In this video from SC17 in Denver, Dan McGuan from Red Hat describes the company’s Multi-Architecture HPC capabilities with the Power9 architecture.

Red Hat and IBM have a long history of collaborating on Linux, going back more than 18 years. We laid the groundwork for supporting POWER9 processors several years ago and continue to collaborate with IBM to enable broader architecture support for IBM Power Systems across Red Hat’s portfolio. Red Hat Enterprise Linux 7.4 for Power Little Endian (POWER9) release brings support for containers with Open Container Initiative (OCI)-compatible runtime and system images, and single-host KVM virtualization, enabling customers to increase system utilization by running multiple applications side-by-side.

Red Hat demonstrations at SC17:

  • Proven HPC infrastructure – Red Hat Enterprise Linux provides the foundation for many HPC software stacks and is available across multiple hardware architectures. It is at the core of Red Hat OpenStack Platform and Red Hat Openshift, both of which are part of many HPC environments. Large supercomputing sites like Oak Ridge National Laboratory use Red Hat OpenStack Platform to make their systems more accessible. Red Hat OpenShift Container Platform and Red Hat Ansible Automation are also compelling for HPC as they can enable better application portability and system provisioning and automation.
  • Scale-out storage for HPC workloads – Software-defined solutions like Red Hat Gluster Storage and Red Hat Ceph Storage can provide cost-effective alternatives to traditional storage to support the modernization of HPC applications by adopting containers with container native storage and the ability to handle many types of HPC workloads. This week we announced Red Hat Ceph Storage 3. At SuperComputing17, you can learn more about the latest version of our massively scalable software-defined storage solution, including full support of CephFS.
  • Emerging HPC technologies – Building supercomputers out of commodity components has prominent trend during the past two decades.

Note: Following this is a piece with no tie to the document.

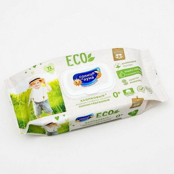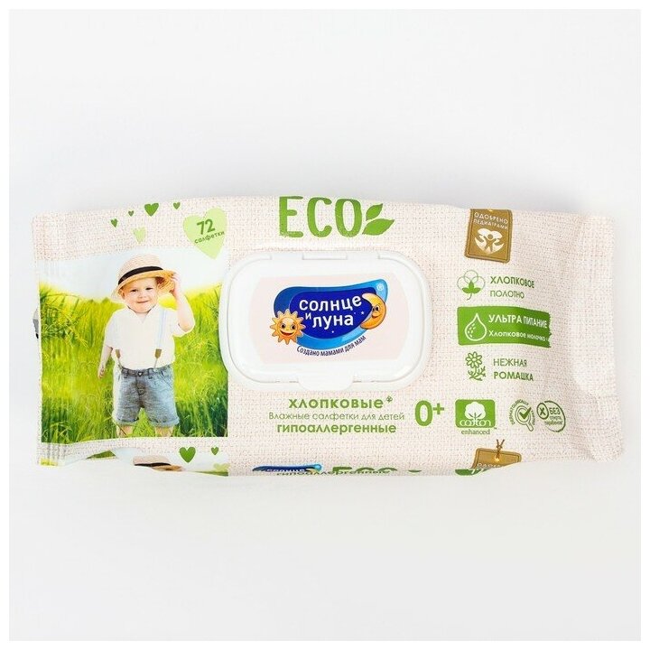 Солнце И луна ECO Влажные салфетки детские 0+ хлопковые нежная ромашка и хлопковое молочко big-pack с крышкой 72шт
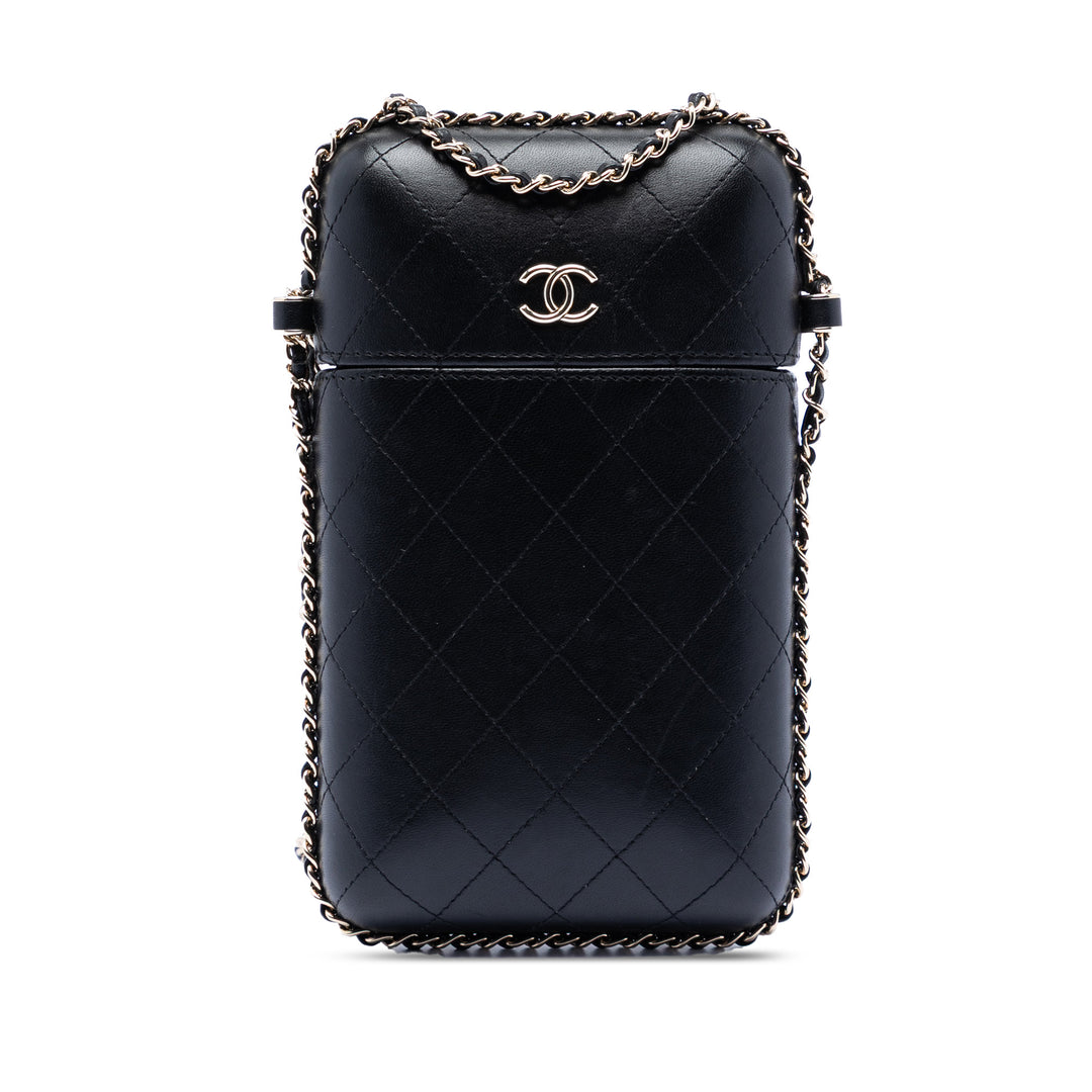 Chanel CC Matelassé Cuir d’agneau Sac rond à chaîne Phone Holder

But recently, the definition of “commodity“ in HPC has been morphing. Learn how Red Hat is enabling new hardware architectures, supporting various acceleration technologies and cache-coherent interconnects, and driving open innovation and standardization in high-performance computing via collaborative community efforts like the OpenHPC Project and industry partnerships like the one with IBM, Mellanox Technologies, and NVIDIA in support of CORAL initiative.